CHAGE and ASKAの名曲「SAY YES」や「YAH YAH YAH」の編曲でも有名な十川ともじは、1998年のChageソロデビューシングル「トウキョータワー」の編曲も担当した。
同年のChageソロデビューアルバム『2nd』でも、十川はラストを飾る「僕が見つけた気持ちのいい場所」を編曲していて、現在でも「トウキョータワー」とともにChageの代表曲として人気が高い。
Chageと十川のコンビは、名曲製造の黄金コンビといっても過言ではない。

1曲目に収録となった「幸せの不条理」は、2023/7/30の先行配信シングル発売の段階で大きな反響があった名曲だ。
私が十川ともじのイメージとして持っていた、キーボード・ピアノ・ポップスといったイメージを大きく覆してきた。

ロックなギターリフを前面に押し出したアレンジ。近年の楽曲の中でもトップを争う名ギターリフだと感じたほど。
まるで不条理を音にしたかのようなギターリフだ。

そこに、熱く不穏で艶のあるChageの美メロと歌声。そして、道ならぬ恋を連想させる詞。
今の幸せを感じ合えば感じ合うほど、墜ちて行き、その果てに待っている結末は、もはや考えたくもないほど暗い。

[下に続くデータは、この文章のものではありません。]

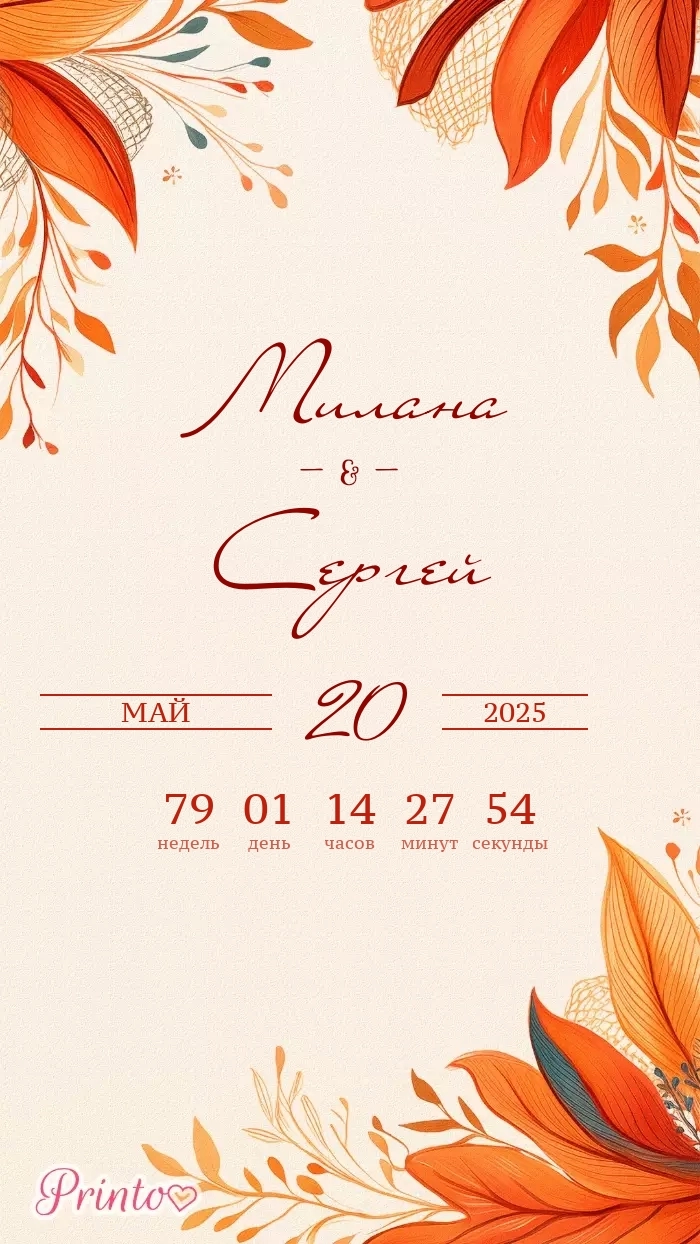 Разместите на нём имена жениха и невесты, дату, а так же обратный отсчёт до свадьбы.

Aメロ、Bメロでは自らの感情を吐露し、一気に高揚するサビは、第三者的な遠景からふたりの姿を映し出す。
そして、サビの最後では、再び嘆くような吐露。
素晴らしい構成である。

2曲目は、新曲の「笑顔見せて」。
底抜けに明るいメロディーと詞、アレンジで統一されたポップな作品だ。Chageは、アルバムにライブで盛り上がる曲を入れてくることが多く、この曲はまさにライブの最高潮で披露するにうってつけの楽曲だ。
よく「動のChage」「静のChage」と言われるが、この曲は「陽のChage」と言えよう。
愛する人を喜ばせたいという想いがシンプルに伝わってくる。

3曲目は、2023/8/15に先行配信シングルとして発表になったアルバムタイトル曲「青い空だけじゃない」のアルバムバージョン。シングルバージョンに比べ、豪華なスキャットと演奏を加えたアウトロが入っており、聴きごたえがある。

長い人生の旅がテーマだろうか。夢も愛も、青い空ばかりを見せてくれるわけじゃなく、曇りや雨のときもあって、それでも走り続けて笑顔へたどりつきたい旅路。
そんな長い道のりを情緒豊かに描いている名曲だ。「青い空」の「青」は、青春の「青」と重ねているようで、夢や希望にあふれていた青春時代が永遠でない儚さを浮かび上がらせている。
ChageとtheSoulの河野健太郎の作詞・作曲。
ChageがAメロ、Bメロを担当し、河野健太郎がサビを担当したとのこと。
十川ともじのアレンジも、ピアノサウンドを中心に据えて、キーボードの様々な音を駆使していて、チャゲアス時代を彷彿とさせます。
「幸せな不条理」が動のChageだったのに対し、「青い空だけじゃない」は静のChage。
Chageは、ファンの想いをくんで、新曲を作るときは動と静の両方を意識しているようだ。

4曲目は、まさかアコースティックバージョンがあったとはと驚かされる「幸せな不条理-Acostic Ver.-」。
ピアノサウンドが前面に出て、アコースティックギターが絡み合うという、熟成されたサウンドとなっていて、こちらの方が今まで私が思い描いていた十川ともじのイメージに近い作品だ。

通常バージョンが若い男女を思い浮かべるのに対し、アコースティックバージョンは、壮年の男女を思い浮かべてしまうのは、やはりアレンジの妙だろう。

そして、本編ラストを飾るのは、Chageのデビューシングル「トウキョータワー」の25th Ver.。
Chageは、メジャーデビューから19年目でソロデビューしており、まさかその後、ソロ活動が中心となってソロ25周年のときには毎年のように新作を発表しているとは、当時全く想像すらしていなかった。
未来は、誰にも予測不能だ。

Chageソロ25周年を記念してリミックスされた「トウキョータワー」は、イントロが41秒もあるというSNS全盛時代にはまずない構成に驚かされる。
きっと主人公の男女がこれまで長く抱えてきたどんよりとした感情を表現したのだろう。
それだけじゃなく、全編にわたってアレンジによる表現力の進化を感じられ、当時の技術では実現しえなかった演奏が新たに加わって、楽曲に厚みをまとっている。

ボーナストラックの「青い空だけじゃない」配信シングルバージョンとコンパクトにまとまった「トウキョータワー-25th Ver.-(Radio Edit)」が加わった全7曲のアルバム。

レコーディング & ミキシング エンジニアには第65回グラミー賞の最優秀グローバル・ミュージック・アルバムを受賞した小寺秀樹が担当しており、世界に通用する作品となっている。
そして、1曲を2度楽しめるのが3曲もある、という新たな価値観を示したアルバムでもある。
振り幅の広いChageの音楽を知るには最高の作品だ。